─── PROVIDED MATERIAL ───

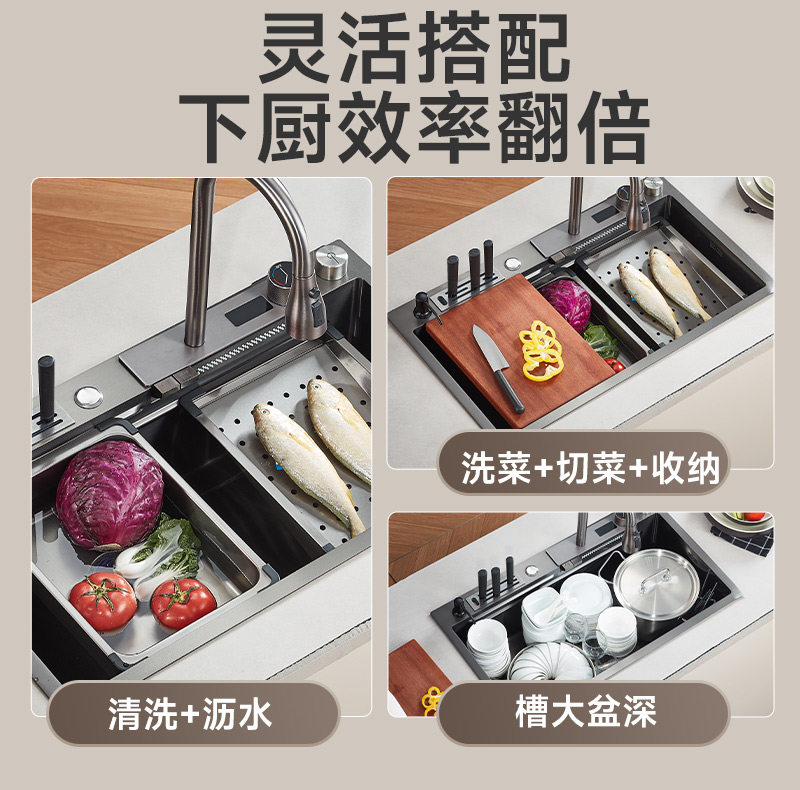 Whirlda Flying Rain Falls DIGITAL SINK LARGE SINGLE TANK 304 STAINLESS STEEL WASH BASIN KITCHEN HOUSEHOLD DISHWASHING TANK POOL-TAOBAO
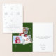 Esta tarjeta de Relieve metalizado plateado con copo de nieve verde para 3 navidades de fotos es el saludo perfecto de vacaciones modernas. La parte delantera de la tarjeta dice "ten un navidad alegre" en un Relieve metalizado de plata real y magnífico. Personalice la tarjeta con su nombre de familia, el saludo interno, los nombres y el año. Añade tus 3 fotos familiares favoritas en el interior de la tarjeta.
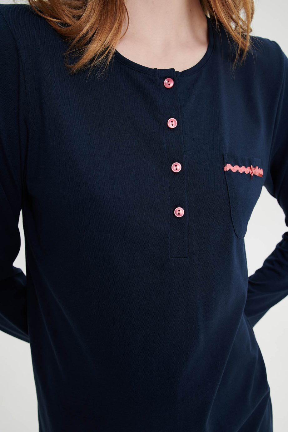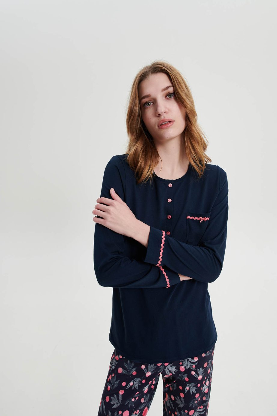 Дамска пижама с платка с копчета и плисе отпред за по-голямо удобство. Красива флорална щампа в тъмно сини нюанси с ярки детайли.
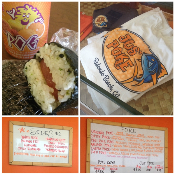 Poke is a raw fish salad seasoned with salt, soy, sesame and ogo. It can be served as a side dish or eaten as a meal, the latter taking on popularity. Poke joints are popular in Hawaii but here in LA it’s been pretty desolate, until now. Jus’ Poke in Redondo Beach opened the perfect location, a tiny shop that like the name sells Jus’ Poke! Blocks from the beach you can easily pick up a plate lunch and head to the ocean in minutes. Beach day to-go!
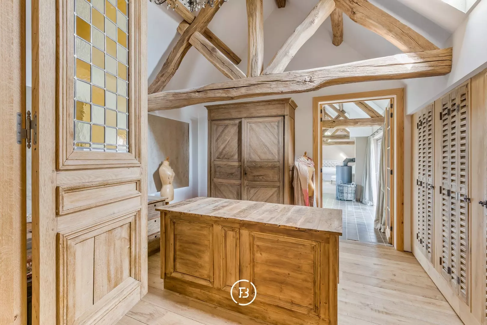 Op de eerste verdieping bevinden zich zes slaapkamers en twee badkamers. De master bedroom straalt luxe uit met een doorloopdressing, een ensuite badkamer met inloopdouche en ligbad, en een gezellige zitruimte rondom een draaibare houtkachel. Deze kamer geeft bovendien toegang tot een privéterras waar u kunt genieten van het uitzicht over de uitgestrekte omgeving.
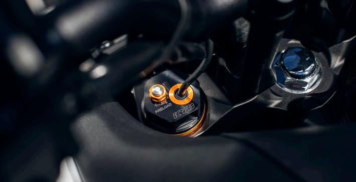 Les suspensions électroniques avant et arrière entièrement réglables sont régies par la centrale inertielle (IMU) à six axes et l’ECU qui ajustent instantanément les réglages d’amortissement via un électro-aimant d’assurer un pilotage souple et sûre, quelle que soit la charge ou les conditions de conduite. Les différents modes sont accessibles depuis l’interface du tableau de bord TFT.
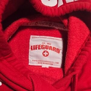 womens top as new S Lifeguard + established 1952 by Popularity Products red with bright white iron on logo cut off sweatshirt, nice weight, clean; I don't know if someone cut this off. Or if it was cut, but Well, there's a tag, so it looks like it was made this way because the tag's up pretty high then 21" across chest (pit to pit), 22.5" sleeve length, cuff seam 4.5" across, 5" underarm to cropped hem, 22" across the cutoff hem, 14" overall length measured from center back neckline to lower back cutoff hem, 12" length in front, 80*/20 cotton/poly, treim 95/5 cotton, spandex , machine washanble RN# 100269 Brand: Lifeguard
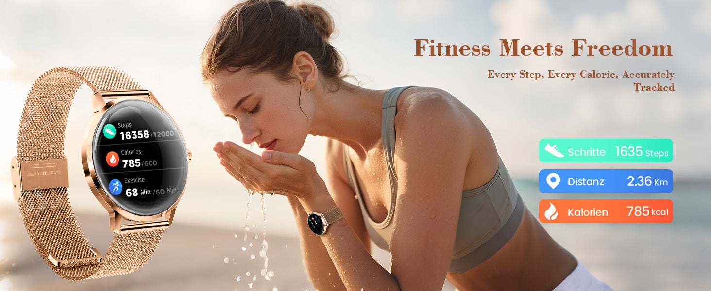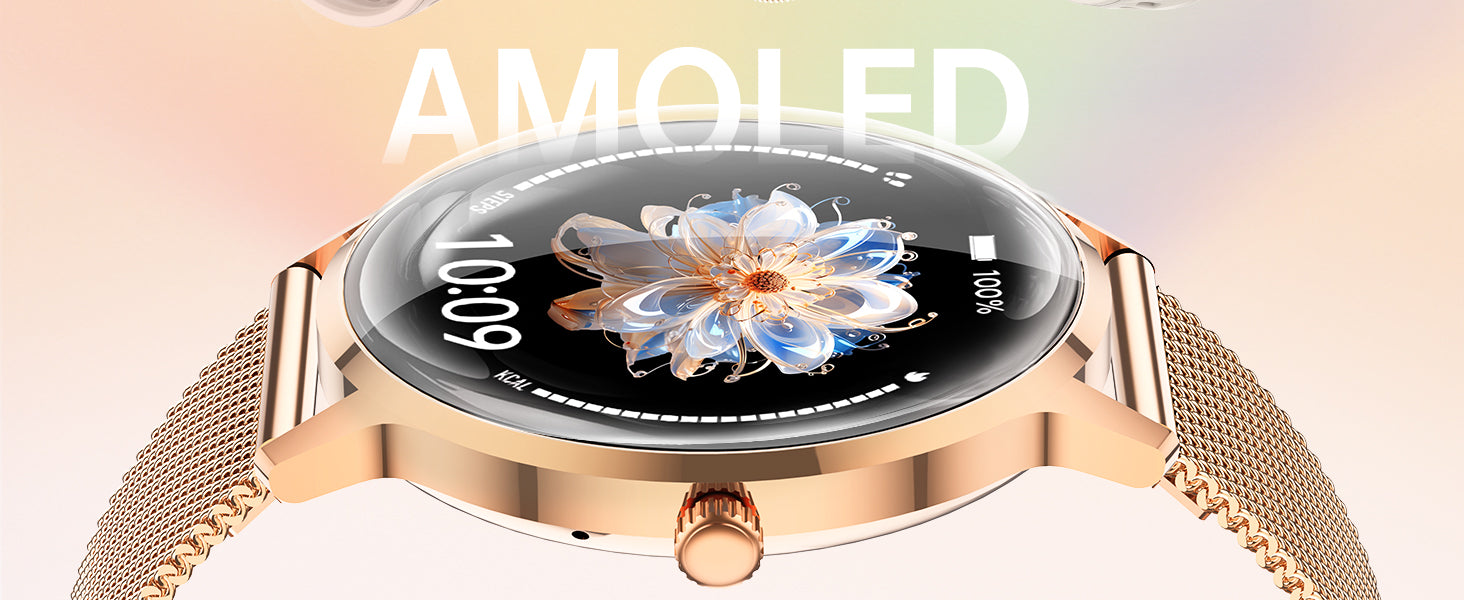 Enjoy a bright, smooth display with the high-resolution AMOLED screen (466×466), clearly visible even in direct sunlight. With its Always-On function and scratch-resistant glass, this round women’s smartwatch is built to last and stay stylish at all times.
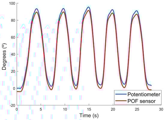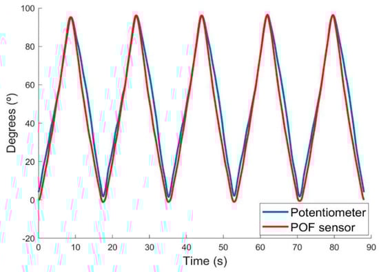 Results of the joint angle measurement for one participant. The blue line represents the potentiometer response and the red one represents the POF sensor response, in degrees.
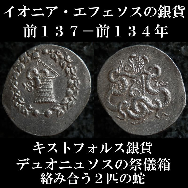 古代ギリシャコイン イオニア地方エフェソス 前137-前134年 キストフォルス銀貨 キスタから這い出る蛇(デュオニソスの秘儀の箱) 絡み合う2匹の蛇
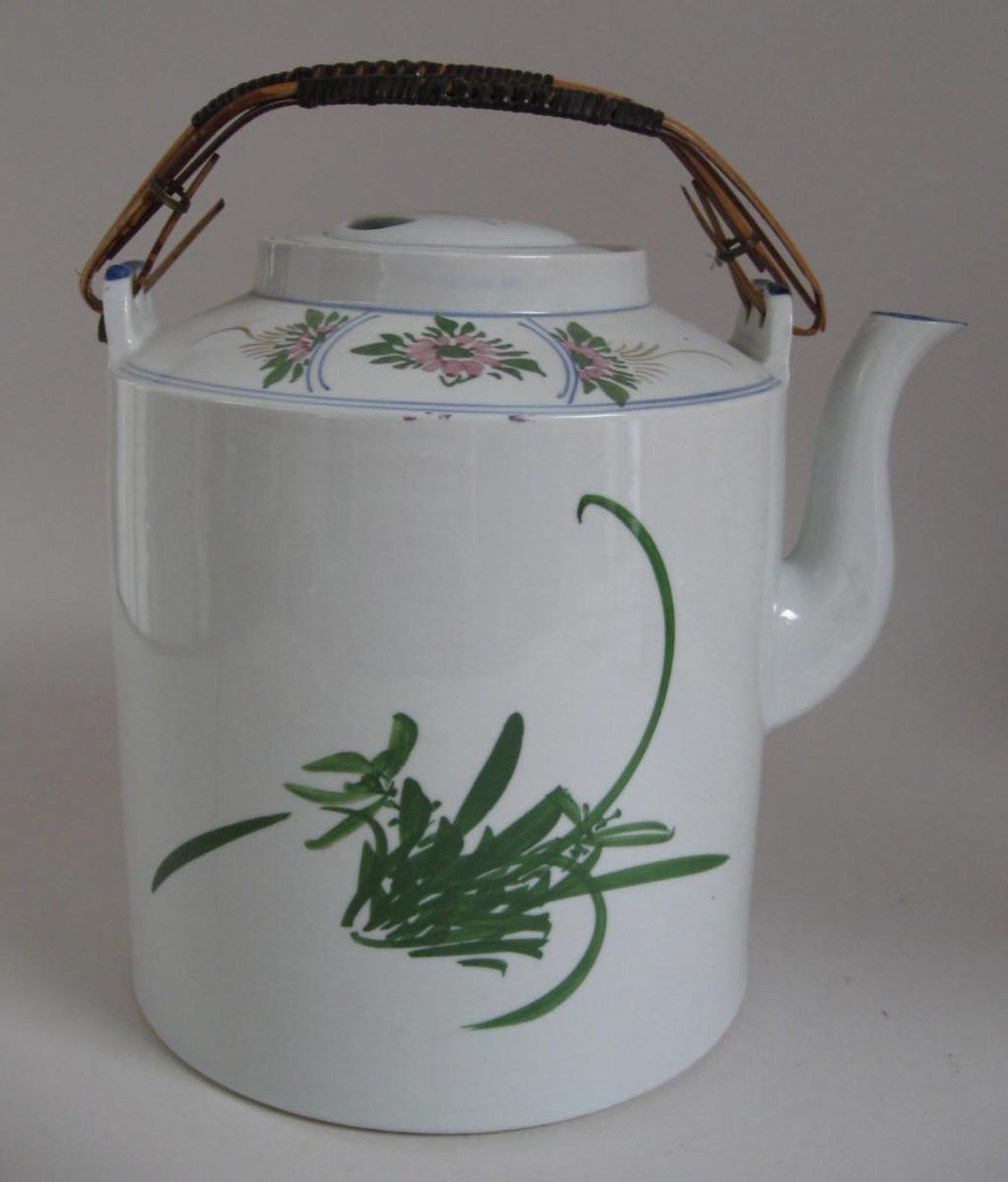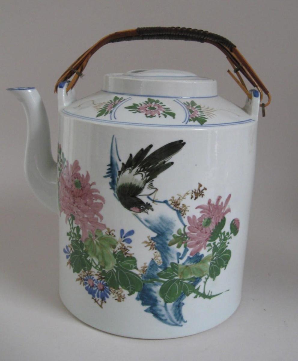 Kinesisk the kande i hvidt porcelæn, 20. årh. Med polykrom dekoration i form af fugle, buske og blomster. Med låg og hanke i bast. H.: 25 cm.

───

● **EXERCISE PROMPT**
All lines from the one containing "Les suspensions électroniques" to the end of the entries should appear in the output exactly as written, with no pictures.

● **RESPONSE**
 Les suspensions électroniques avant et arrière entièrement réglables sont régies par la centrale inertielle (IMU) à six axes et l’ECU qui ajustent instantanément les réglages d’amortissement via un électro-aimant d’assurer un pilotage souple et sûre, quelle que soit la charge ou les conditions de conduite. Les différents modes sont accessibles depuis l’interface du tableau de bord TFT.
 womens top as new S Lifeguard + established 1952 by Popularity Products red with bright white iron on logo cut off sweatshirt, nice weight, clean; I don't know if someone cut this off. Or if it was cut, but Well, there's a tag, so it looks like it was made this way because the tag's up pretty high then 21" across chest (pit to pit), 22.5" sleeve length, cuff seam 4.5" across, 5" underarm to cropped hem, 22" across the cutoff hem, 14" overall length measured from center back neckline to lower back cutoff hem, 12" length in front, 80*/20 cotton/poly, treim 95/5 cotton, spandex , machine washanble RN# 100269 Brand: Lifeguard
 Enjoy a bright, smooth display with the high-resolution AMOLED screen (466×466), clearly visible even in direct sunlight. With its Always-On function and scratch-resistant glass, this round women’s smartwatch is built to last and stay stylish at all times.
 Results of the joint angle measurement for one participant. The blue line represents the potentiometer response and the red one represents the POF sensor response, in degrees.
 古代ギリシャコイン イオニア地方エフェソス 前137-前134年 キストフォルス銀貨 キスタから這い出る蛇(デュオニソスの秘儀の箱) 絡み合う2匹の蛇
 Kinesisk the kande i hvidt porcelæn, 20. årh. Med polykrom dekoration i form af fugle, buske og blomster. Med låg og hanke i bast. H.: 25 cm.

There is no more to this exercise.